Recessively Inherited Disorders

Answer 19

• Many genetic disorders are inherited in a
  recessive manner
• Recessively inherited disorders show up only in
  individuals homozygous for the allele
• Carriers are heterozygous individuals who carry
  the recessive allele but are phenotypically normal

Question 20

Cystic Fibrosis

Answer 20

• Cystic fibrosis is the most common lethal genetic
  disease among people of European descent,
  striking one out of every 2,500
• The cystic fibrosis allele results in defective or
  absent chloride transport channels in plasma
  membranes
• Symptoms include mucus buildup in some internal
  organs and abnormal absorption of nutrients in the
  small intestine

Question 21

Sickle-Cell Disease

Answer 21

• Sickle-cell disease affects one out of 400 AfricanAmericans
• The disease is caused by the substitution of a
  the single amino acid in the haemoglobin protein in
  red blood cells
• Symptoms include physical weakness, pain, organ
  damage, and even paralysis
• About 1 in 10 African Americans are carriers

Question 22

Whatis a gene?

Answer 22

A gene is a sequence of nucleotides which forms part of the chromosome which code for specific amino acids in proteins.

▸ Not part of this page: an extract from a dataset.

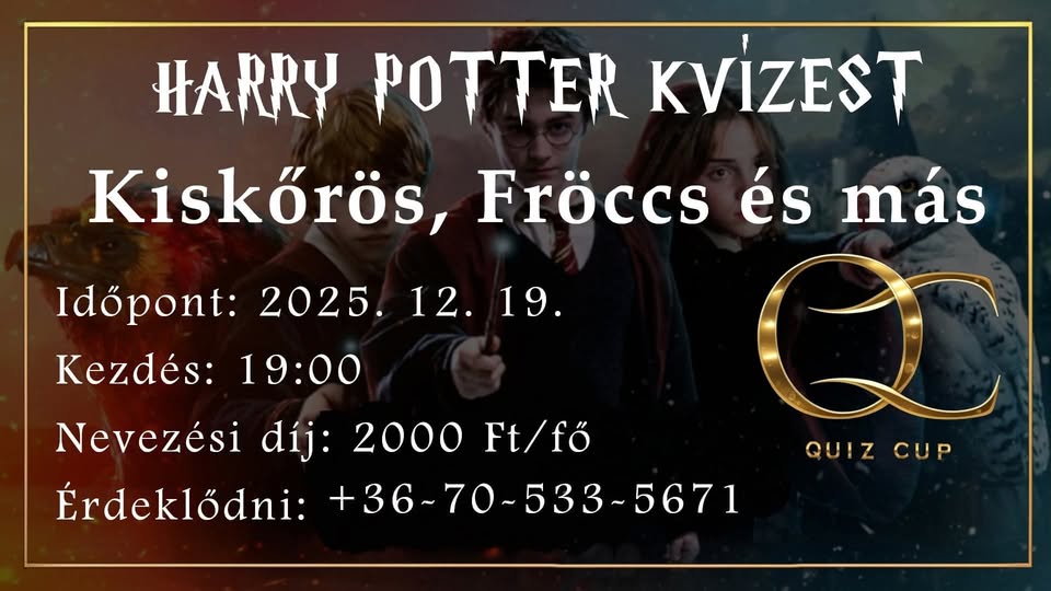 Harry Potter Kvízest A Fröccsben 2025-12-02 Kiskőrös, Fröccs és más, Dózsa György út 38. , 2025. december 19. 19:00 - 21:00 Facebook esemény

The gene is the unit of inheritance in organisms, which are passed onto to offspring, dictating features such as their physical appearance and genetic makeup. The famous Scientist, Gregor Mendel, conducted pea plant experiments which framed our initial understanding of inheritance and how traits are passed down to the offspring. Mendel chose plants that had distinct traits, such as seed colour and stem length, to directly observe how traits were passed down from one generation to the next. Mendel repeatedly cross-fertilized pea plants and recorded which traits were expressed and not expressed in the offspring plant from the parent plant. Mendel discovered that genes were hereditary units that displayed predictable patterns of inheritance and followed the principles of independent assortment and segregation. Following Mendel’s theories, Watson and Crick significantly developed knowledge related to genes, specifically the structure of DNA which carries the genetic information of the organism. Genes were discovered to consist of sequences of many nucleotides within the DNA molecules. Genes were now recognised as molecules capable of synthesising proteins based on the order of these DNA nucleotides.